リーグ戦が行われるスタジアムのピッチを寒冷地用にし、スタンドに屋根を増設したところで、そのスタジアムまで何万もの観客が集まることができなくては意味がない。
仮に最寄り駅からスタジアムまでのアクセスに画期的な手法が導入されたとしても、アウェイのサポーターがその街まで入れない事態もあり得る。場合によってはその選手たちもだ。
豪雪地方を本拠とするクラブにとっては、日頃のトレーニングをするグラウンドについても当然大きな課題になるであろうし、こうした「地域的」な有利不利がリーグ戦での戦績に影響を及ぼすようなことは決してあってはならない。
そして、秋春制賛成派が唱える「ヨーロッパ主要リーグ」と年間スケジュールを合わせることによるメリットについても、基本的にはそれがJリーグクラブにもたらされる利益でない限りは、なかなか賛同を得るのは難しいだろう。
大義名分「日本代表の強化」
日本サッカー協会が免罪符のように言っている「日本代表強化」という大義名分も、そろそろ通用しなくなってきているのではないか。
その理由としては、2022年に行われるW杯カタール大会は11月~12月に開催されることが決定しており、そのタイミングに合わせてヨーロッパの主要リーグでは「春秋制」への移行の動きすら見られ、これが実現すれば秋春制賛成派が主張する理屈の根本が揺らぐ。
また、南米各国では日本と同じように春秋制が一般的であり、Jリーグに多くのブラジル人選手が在籍しやすくなっている大きな要因ともなっているし、ヨーロッパのリーグでプレーする南米出身選手も母国のリーグ戦が「春秋制」であることで移籍が難しい状況になっているとは思えない。
「秋春制」の前に「日本代表の強化」についての議論を
【サッカーコラム】Jリーグの開催時期、「秋春制」を導入するより欧州に「春秋制」を売り込め https://t.co/Atcvgdhrmg @sanspocomから 欧州では春秋制が議論されていると聞きます。
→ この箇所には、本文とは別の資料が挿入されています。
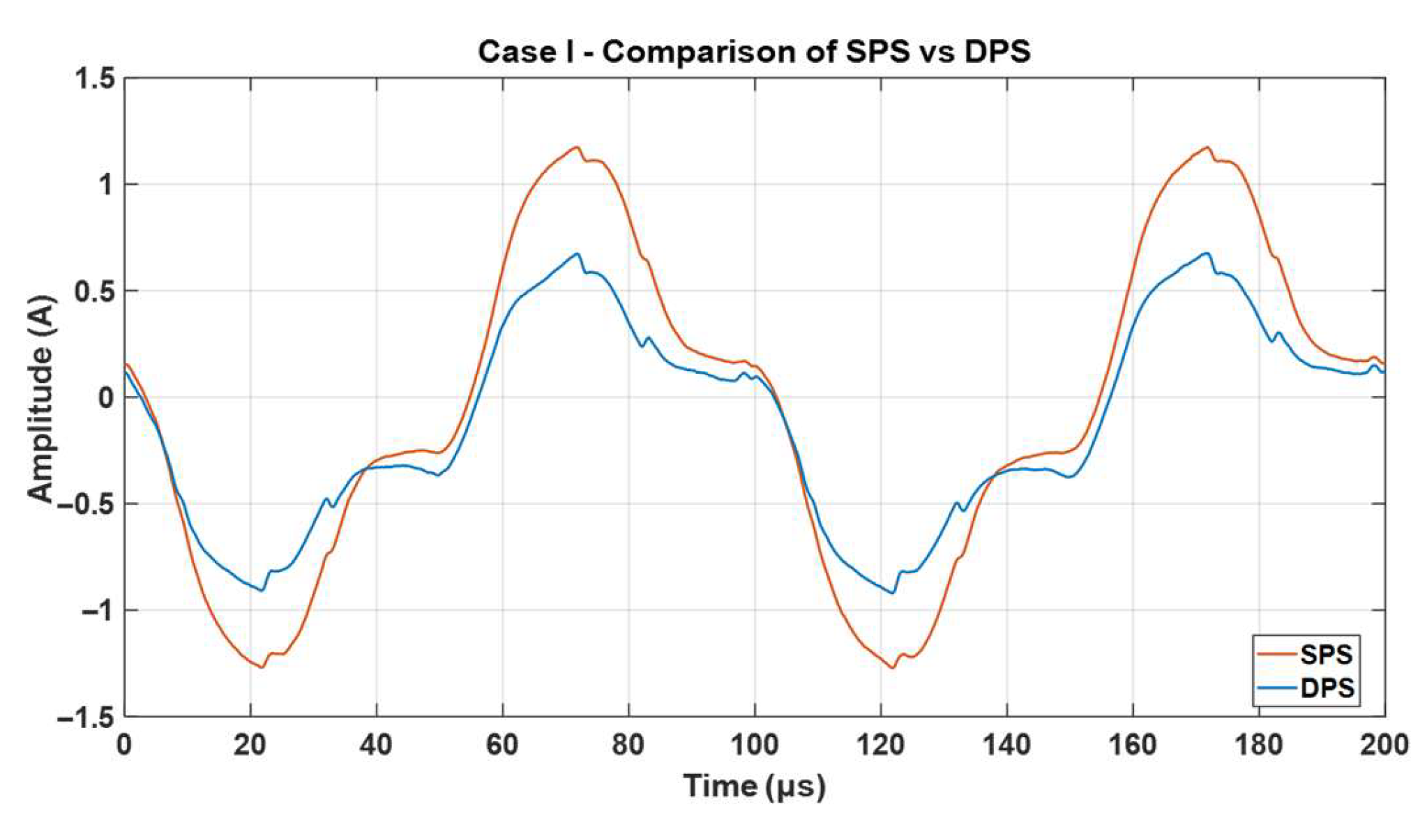 Figure 8 compares the input current waveforms under SPS and DPS modulation. The SPS current shows sharper transitions and higher peaks, while the DPS waveform appears smoother and with reduced distortion. This qualitative observation suggests that DPS reduces harmonic content and improves current quality.

寒さの中を凍えながら観戦すりより春秋制の方が日本では合っている。世界のサッカーカレンダーもそうなるかも…
— 後藤 宏爾 (@MFZnXafA2Pl6FMo) November 21, 2017
そもそも「日本代表の強化」こそが日本サッカー界発展の唯一の道なのであろうか。
「日本代表の強化」の結果は4年に1度のW杯でその審判が下される。そしてこれまでの日本サッカー界の歩みを見ても、日本代表のW杯での活躍からもたらされた功績を否定するつもりは全くない。
しかしながら、私にはW杯自体の「価値」が徐々に落ちてきているように見える。
出場国枠の増加もそうであるし、昨今の有力選手出場辞退などにも現れているように、W杯が世界最高峰のサッカーコンペティションではなくなっていることを多くのサッカーファン達は分かっている。
もちろん、ナショナルチーム同士の戦いの場としての意義は今後も大きなものとしてあり続けるであろう。しかしながら、僅か1か月の間で開催される短期大会であり、開催頻度も4年に1度。
そんな、サッカーファンにしてみれば「たまに」行われる大会で結果を出すために、これまで享受してきた日常を捨て、敢えて困難な日常を受け入れろというのは、あまりに合理性に欠ける話ではないのか。
「秋春制」の議論が深まらない現状。それを打開してくには「日本代表強化」という言わば不可侵ともなっている大義名分に、極めて現実的な視点でその目標としての意義について、日本サッカー界はきっちりと議論していくことこそ必要なのではないだろうか。